カフェのメニューは、豆料理にマッシュポテト、グラタンといった素朴な家庭料理ばかり。中でもドライバーたちから人気が高いメニューがありました。それが、フライドチキンです。
子供のころにお母さんから教わった思い出のレシピ
鶏肉に衣をつけて油で揚げたフライドチキンは、別にサンダースや彼のお母さんの発明したものではありません。アメリカの南部ではよくある料理でした。
大衆食だからこそ、裕福ではないサンダース家でも食べていたわけですが、サンダースはお母さんのレシピに基づいて、非常にこだわってフライドチキンを作りました。スパイスとハーブを混ぜた小麦粉を鶏肉にまぶし、油で30分以上かけてじっくり揚げる。すると、香り高くてジューシーな、とてもおいしいフライドチキンになるのです。
これこそが、あのフライドチキンの始まりでした。
おいしいフライドチキンを出すカフェつきのガソリンスタンドはケンタッキー州の名物になり、大繁盛。それを見たサンダースはガソリンスタンド事業を辞め、カフェ一本でやっていくことにします。物置小屋から始まったサンダースカフェはどんどん成長し、数年のうちに大きなレストランになり、支店もいくつか出すくらいに成長しました。
カーネル・サンダースの誕生
地元の名士になったサンダースには、1935年に州から「カーネル」の称号が授けられます。カーネル・サンダースの誕生です。
このとき、サンダースは45歳。
当時の米国人男性の平均寿命は60歳に届きませんから、今の日本の感覚だと60歳超えでしょうか。無数の職業を経験し、2度の破産も経験した男が人生の終盤でついに成功を収めたんです。
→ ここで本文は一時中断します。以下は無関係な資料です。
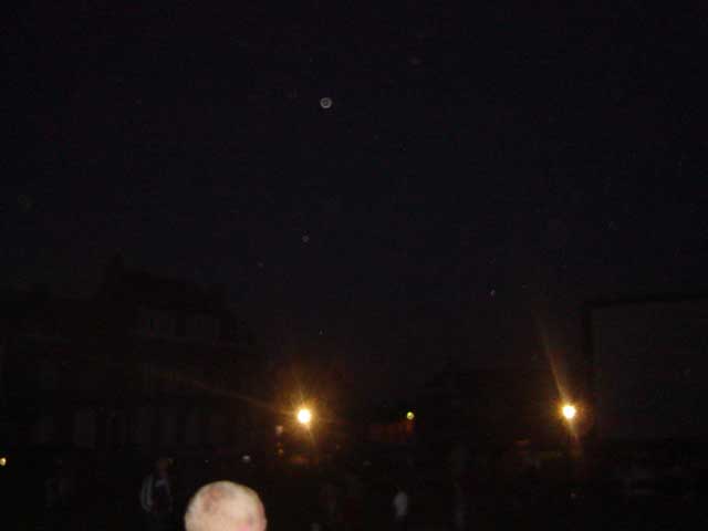 Durant un cinéma en plein air (le 12 juillet 2003) avec un ami, nous avons pris quelques photos. Sur quelques-unes on aperçoit des lumières et des points lumineux étranges. Nous avons profité qu'un photographe professionnel était à proximité pour lui demander de nous en dire plus et il nous a affirmé qu'il n'avait jamais rien vu d'aussi étrange. Le plus bizarre c'est que ces phénomènes (du moins si tel est le cas) n'ont pas été visibles à l'oeil nu. Je pense qu'il serait intéressant d'analyser ces photos afin d'en savoir plus sur les points lumineux.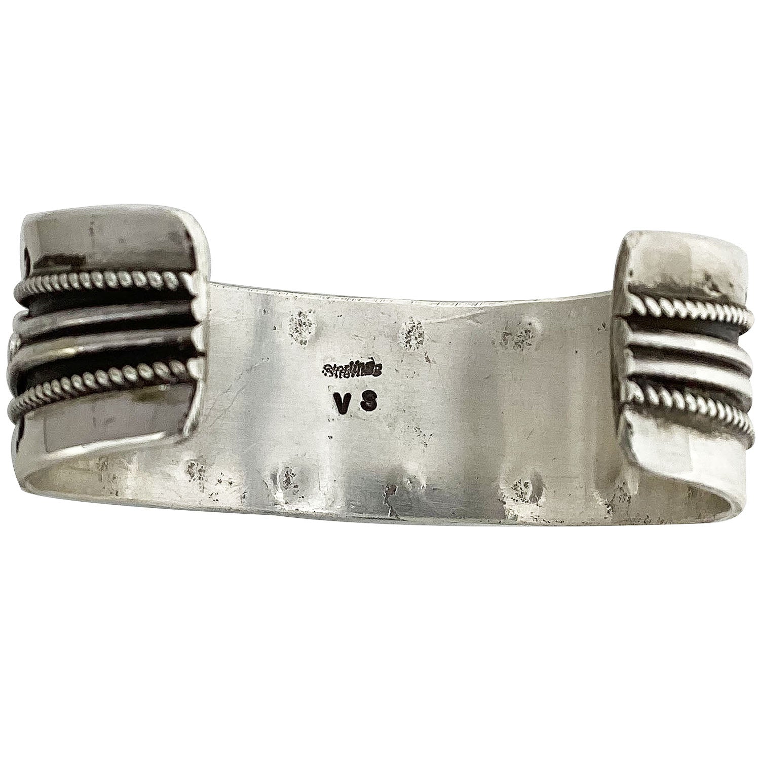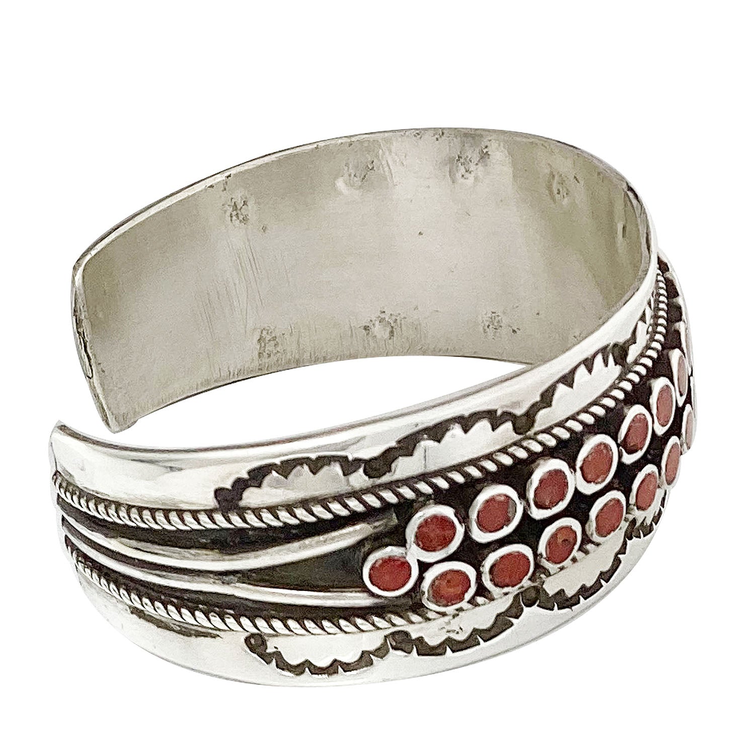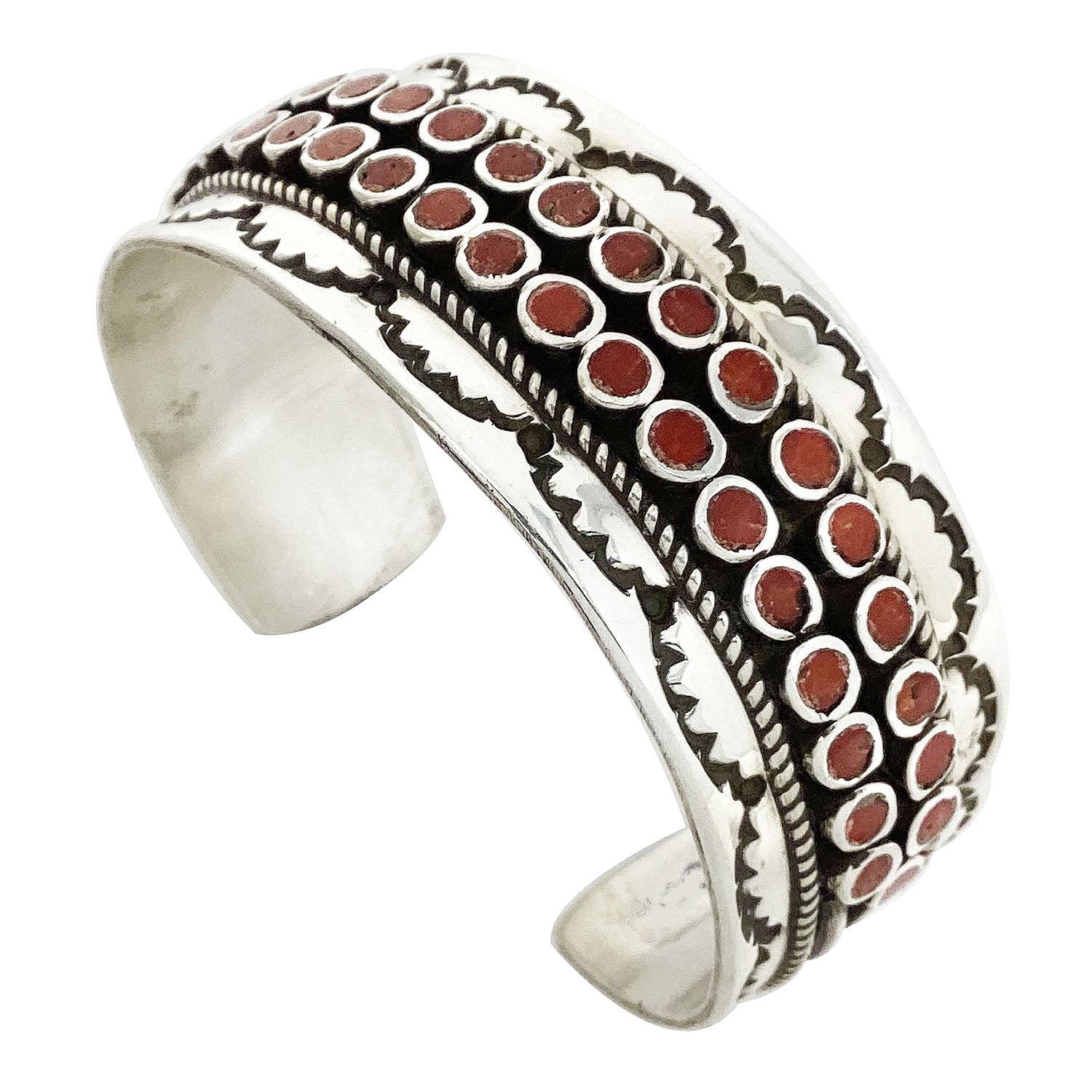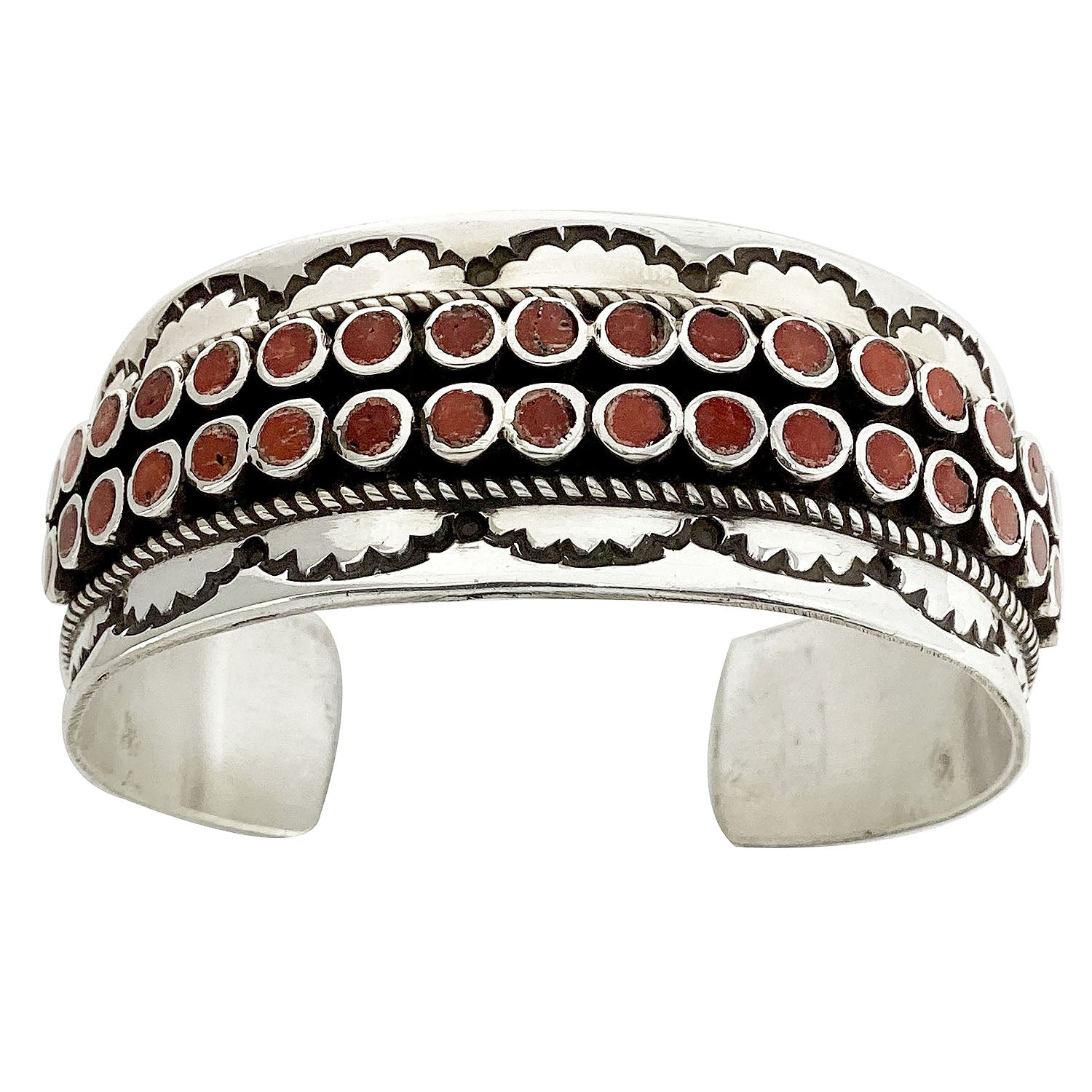 Navajo artist Vincent Shirley isn't afraid to fill his work with lots of stones. He takes a collection of Mediterranean Coral stones and inlays them into small round settings. A total of 38 coral pieces fills this bracelet. You will notice that the two-row bracelet takes on a contrast in silver color that combines a mirror shine along with a dark oxidized background. You really notice the red vibrant stones against that shine. Vincent uses a stamped border to complete the cuff. We have other pieces by Vincent on the online Trading Post, each with its own unique look.

それは、彼が子供のころから大好きだった料理によってでした。
65歳に始まった人生のクライマックス
50歳になる直前には、夜中に火事でお店が全焼する悲劇に見舞われました。このときにはさすがのサンダースも10時間くらい落ち込んだようです。しかし翌日の午前中には立ち直り、焼け跡にトラックを乗り入れて、再建を始めていたとか。彼らしいですね。お店のファンの支援もあったといわれています。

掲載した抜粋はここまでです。